I did not know of this place prior. Shakespeare & Company, a bookstore that is tucked away in Paris, France. It was a place where the great writers used to all meet, read, and write. Hemingway and Whitman, just to namedrop a couple. Outside there were quotes written on the shutters of the store and the bench. There were books out on display everywhere. I got so excited. (I have a dream of owning a house with nothing but bookshelves for walls. Kind of like a Beauty and the Beast moment).

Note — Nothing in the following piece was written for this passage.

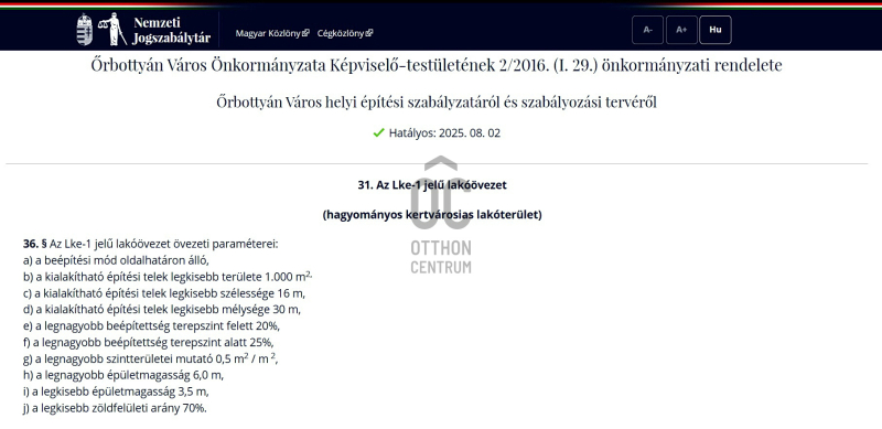 ŐRBOTTYÁN HAMAROSAN MEGÉPÜLŐ ÚJ VÁROSKÖZPONTJÁNAK KÖZELÉBEN, NAGY ÉRTÉKŰ CSALÁDI HÁZAKKAL / IKERHÁZAKKAL FOLYAMATOSAN BEÉPÜLŐ, CSENDES, NYUGODT ÉS ÁTMENŐ FORGALOMTÓL MENTES, ASZFALTOZOTT (ZSÁK)UTCÁJÁBAN, LKE-1-ES JELÖLÉSŰ (HAGYOMÁNYOS KERTVÁROSIAS LAKÓTERÜLET) ÉPÍTÉSI ÖVEZETBE TARTOZÓ, BELTERÜLETI, 1000 M2 ALAPTERÜLETŰ, DÉLNYUGATI TÁJOLÁSÚ, ÖSSZKÖZMŰVES (A TELKEN BELÜL VILLANY-, GÁZ-, VEZETÉKES VÍZ ÉS CSATORNA BEKÖTÉSSEL IS MÁR RENDELKEZŐ(!!!), CSALÁDI HÁZ VAGY IKERHÁZ ÉPÍTÉSÉRE IS KIVÁLÓAN ALKALMAS, ÖRÖK PANORÁMÁS, ENYHÉN LEJTŐS ÉPÍTÉSI TELEK ELADÓ !!!

Abby and I walked inside and it was a cramped bookstore, like a maze. We snaked our way through the store, looking at all the books. The beautiful thing about this store wasn’t what they were selling, but instead, what was on the walls. There were pictures of famous writers of when they were personally there. There were quotes painted on the walls and on the staircase leading upstairs. I found writing tips underneath the stairs. A wall full of notes and writings from the travelers across the world who came to visit Shakespeare and Company. There was a room where you weren’t allowed to purchase the books, but lounge around and read from the bookcases. This place is every reader and writer’s dream.
I decided this was the place to get a souvenir. I packed a small, compact, filled-to-the-brim 22-L bag, so space something I had to spare. A book was something I could figure out how to pack it, and I love books. I love buying obvious purchases and try to never force myself to buy something “just because.” I purchased Ernest Hemingway’s, “A Moveable Feast.” Abby recommended it and I trust that girl’s opinion, she has never done me wrong. The bookstore stamped the first page with their special “Shakespeare and Company” stamp. Going to an iconic place like this really inspired me to keep on writing. It’s what I love to do and so I shall continue. ❤
At this point, I had seen so little of Paris, France. Yet, I felt like I could have left then happy! Then, I was so glad I still had about two more weeks of this unplanned, cultured fun. I got chills thinking of all that was to come.